Bob Friedman
- Friedman with Washington, 1939

No. 11, 72
- Position: Tackle

Personal information
- Born: September 11, 1921 Allentown, Pennsylvania, U.S.
- Died: December 9, 1989 (aged 68) Fort Lauderdale, Florida, U.S.
- Listed height: 6 ft 2 in (1.88 m)
- Listed weight: 215 lb (98 kg)

Career information
- High school: Allentown
- College: Washington (1939-1942)
- NFL draft: 1943: 18th round, 162nd overall pick

Career history
- Philadelphia Eagles (1944); Bethlehem Bulldogs (1946);

Career NFL statistics
- Games played: 10
- Games started: 8
- Interceptions: 1
- Stats at Pro Football Reference

= Bob Friedman =

American football player (1921–1989)

Robert "Buck" Friedman (September 11, 1921 – December 9, 1989) was an American professional football tackle and orthopedic surgeon. He played college football for the University of Washington from 1939 to 1942 and professional football for the Philadelphia Eagles in 1944 and 1945. He attended pre-medical school while playing professional football. After his playing career ended, he attended medical school and was an orthopedic surgeon in Allentown, Pennsylvania, and later in Fort Lauderdale, Florida.

==Early life==
Friedman was born in Allentown, Pennsylvania, in 1921. He attended Allentown High School. He was president of his junior and senior classes and captain of the football team. He also played for the basketball and track teams, competing in the shot put, discus and javelin and setting a school record in the discus throw. He graduated from Allentown High in 1939.
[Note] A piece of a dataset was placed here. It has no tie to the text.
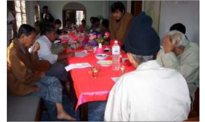
ပဉ္စမအကြိမ်မြောက် မဟာဗျူဟာညှိနှိုင်းအစည်းအဝေး ကျင်းပနေစဉ်

ပေါက်လာရေး၊ နိုင်ငံရေးပါတီများ လွတ် လပ်စွာ စည်းရုံးခွင့်များအပါအဝင် အခြေခံ ဒီမိုကရေစီအခွင့်အရေးများ ဖြစ်ပေါ်လာ ရေး ဖြစ်ထွန်းလာရေးနှင့် ဒီပဲယင်း အကြမ်း ဖက်မှု တရားမျှတစွာ ဖြေရှင်းရေးတည်း ဟူသောလုပ်ငန်းစဉ်များကို ချမှတ်ခဲ့ကြောင်း သိရသည်။ ဤညှိနှိုင်းအစည်းအဝေးသို့ KNPP၊ UNLD(LA)၊ WLB၊ NCGUB နှင့် NCUB တို့မှ ခေါင်းဆောင်များ စုံညီစွာ တက်ရောက်ခဲ့ကြသည်။ ❖
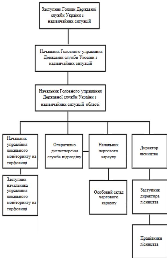
Рис. 1 – Структура керування системою локального моніторингу на торфовищі

Поєднавши структуру керування із складовими зовнішнього та внутрішнього середовища проекту, відображаємо проектне середовище для моделі проекту, яке включає ядро проекту, до складу якого входить моніторинг стану рівня безпеки, уникнення можливості підпалу, економія витрат для підрозділів Державної служби України з надзвичайних ситуацій на паливно-мастильні матеріали, розвиток наукових інновацій у галузі цивільного захисту, подальший розвиток підрозділів Державної служби України з надзвичайних ситуацій та реагування місцевих органів влади на поведінку торфовищ рис.2.

The school established the Robert Friedman Trophy in 1976, awarded each year to the school's outstanding athlete.

==University of Washington==
Friedman played college football for the University of Washington Huskies from 1939 to 1942. He was considered an "iron man" who played on both offense and defense, mostly at tackle.

Friedman left Washington a year before graduation to join the Army.

==Professional football==
Friedman was drafted by the Philadelphia Eagles in the 18th round (162nd pick) of the 1943 NFL draft. He signed a contract with the Eagles in August 1943. However, he was unable to join the team in 1943 due to his military service. He was medically discharged from the Army in early 1944 due to an old leg injury. He spent several months strengthening his foot was medically cleared to join the Eagles in 1944. He appeared in ten games for the 1944 Eagles, eight of them as starter at the left tackle position. Eagles coach Greasy Neale called Friedman "one of the most promising line recruits to come into pro ball in many years."

Friedman signed another contract with the Eagles in 1945, but did not appear in any regular-season games.

In 1946, Friedman played for the Bethlehem Bulldogs of the American Association. Friedman attended pre-medical school at Temple University while playing for the Eagles and Bulldogs and quit football in October 1946 to focus on his studies.

==Later life==

Friedman, 1949

After his playing career ended, Friedman attended Philadelphia College of Osteopathic Medicine, graduating in 1949. After his residency in Philadelphia and two years in private practice in Allentown, Friedman worked from 1955 to 1976 at the Allentown Osteopathic Medical Center, eventually servig as head of orthopedic surgery. In 1976, he joined the orthopedic surgery department at Las Olas General Hospital in Fort Lauderdale, Florida.

Friedman was married to Helen Dragotta. They had two daughters, Sylvia and Robin. Friedman died in 1989 at age 68 at Holy Cross Hospital.